[Opening Records supplied section]

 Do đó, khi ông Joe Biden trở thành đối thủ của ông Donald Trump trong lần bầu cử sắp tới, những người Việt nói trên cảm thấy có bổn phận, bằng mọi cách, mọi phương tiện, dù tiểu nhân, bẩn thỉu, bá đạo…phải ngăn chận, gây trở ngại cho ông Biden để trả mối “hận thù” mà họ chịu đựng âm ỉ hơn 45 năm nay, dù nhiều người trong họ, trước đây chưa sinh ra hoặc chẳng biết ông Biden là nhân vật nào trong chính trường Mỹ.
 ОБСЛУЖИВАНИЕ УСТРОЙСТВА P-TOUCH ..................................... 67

[Closing Records supplied section]
[Opening Records supplied section]

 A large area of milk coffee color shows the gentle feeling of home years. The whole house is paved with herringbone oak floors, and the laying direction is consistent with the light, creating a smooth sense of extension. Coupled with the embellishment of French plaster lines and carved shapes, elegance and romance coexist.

[Closing Records supplied section]
[Opening Records supplied section]

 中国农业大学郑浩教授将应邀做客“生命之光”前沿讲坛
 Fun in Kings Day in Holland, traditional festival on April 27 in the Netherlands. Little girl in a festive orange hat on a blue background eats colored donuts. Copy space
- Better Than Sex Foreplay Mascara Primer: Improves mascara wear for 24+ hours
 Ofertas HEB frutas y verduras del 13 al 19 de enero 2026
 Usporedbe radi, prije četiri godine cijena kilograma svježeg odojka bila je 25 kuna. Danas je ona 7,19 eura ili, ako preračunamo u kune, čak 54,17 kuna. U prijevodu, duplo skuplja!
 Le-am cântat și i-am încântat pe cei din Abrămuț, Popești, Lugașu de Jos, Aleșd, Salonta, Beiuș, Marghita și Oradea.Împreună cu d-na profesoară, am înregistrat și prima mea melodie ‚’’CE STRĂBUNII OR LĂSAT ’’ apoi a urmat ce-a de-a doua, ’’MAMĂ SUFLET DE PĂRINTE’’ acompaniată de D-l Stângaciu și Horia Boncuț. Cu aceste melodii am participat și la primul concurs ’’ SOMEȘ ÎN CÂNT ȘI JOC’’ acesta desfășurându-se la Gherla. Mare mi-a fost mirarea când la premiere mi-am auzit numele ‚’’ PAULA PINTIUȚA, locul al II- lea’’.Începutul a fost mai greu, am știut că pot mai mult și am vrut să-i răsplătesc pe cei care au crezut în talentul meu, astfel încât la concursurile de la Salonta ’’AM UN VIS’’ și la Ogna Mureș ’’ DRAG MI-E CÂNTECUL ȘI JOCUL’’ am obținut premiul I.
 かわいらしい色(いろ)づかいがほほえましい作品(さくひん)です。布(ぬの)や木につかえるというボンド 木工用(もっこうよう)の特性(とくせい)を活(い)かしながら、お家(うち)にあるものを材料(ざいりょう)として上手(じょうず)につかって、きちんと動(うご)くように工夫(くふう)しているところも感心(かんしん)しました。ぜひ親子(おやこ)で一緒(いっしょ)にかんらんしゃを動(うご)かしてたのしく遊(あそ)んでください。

[Closing Records supplied section]

> _Task directions_
Lines to set down from above: the line with "- Better Than", the line with "かわいらしい色(いろ)づかい", and every line between, each exactly as written.

> _Answer space_
- Better Than Sex Foreplay Mascara Primer: Improves mascara wear for 24+ hours
 Ofertas HEB frutas y verduras del 13 al 19 de enero 2026
 Usporedbe radi, prije četiri godine cijena kilograma svježeg odojka bila je 25 kuna. Danas je ona 7,19 eura ili, ako preračunamo u kune, čak 54,17 kuna. U prijevodu, duplo skuplja!
 Le-am cântat și i-am încântat pe cei din Abrămuț, Popești, Lugașu de Jos, Aleșd, Salonta, Beiuș, Marghita și Oradea.Împreună cu d-na profesoară, am înregistrat și prima mea melodie ‚’’CE STRĂBUNII OR LĂSAT ’’ apoi a urmat ce-a de-a doua, ’’MAMĂ SUFLET DE PĂRINTE’’ acompaniată de D-l Stângaciu și Horia Boncuț. Cu aceste melodii am participat și la primul concurs ’’ SOMEȘ ÎN CÂNT ȘI JOC’’ acesta desfășurându-se la Gherla. Mare mi-a fost mirarea când la premiere mi-am auzit numele ‚’’ PAULA PINTIUȚA, locul al II- lea’’.Începutul a fost mai greu, am știut că pot mai mult și am vrut să-i răsplătesc pe cei care au crezut în talentul meu, astfel încât la concursurile de la Salonta ’’AM UN VIS’’ și la Ogna Mureș ’’ DRAG MI-E CÂNTECUL ȘI JOCUL’’ am obținut premiul I.
 かわいらしい色(いろ)づかいがほほえましい作品(さくひん)です。布(ぬの)や木につかえるというボンド 木工用(もっこうよう)の特性(とくせい)を活(い)かしながら、お家(うち)にあるものを材料(ざいりょう)として上手(じょうず)につかって、きちんと動(うご)くように工夫(くふう)しているところも感心(かんしん)しました。ぜひ親子(おやこ)で一緒(いっしょ)にかんらんしゃを動(うご)かしてたのしく遊(あそ)んでください。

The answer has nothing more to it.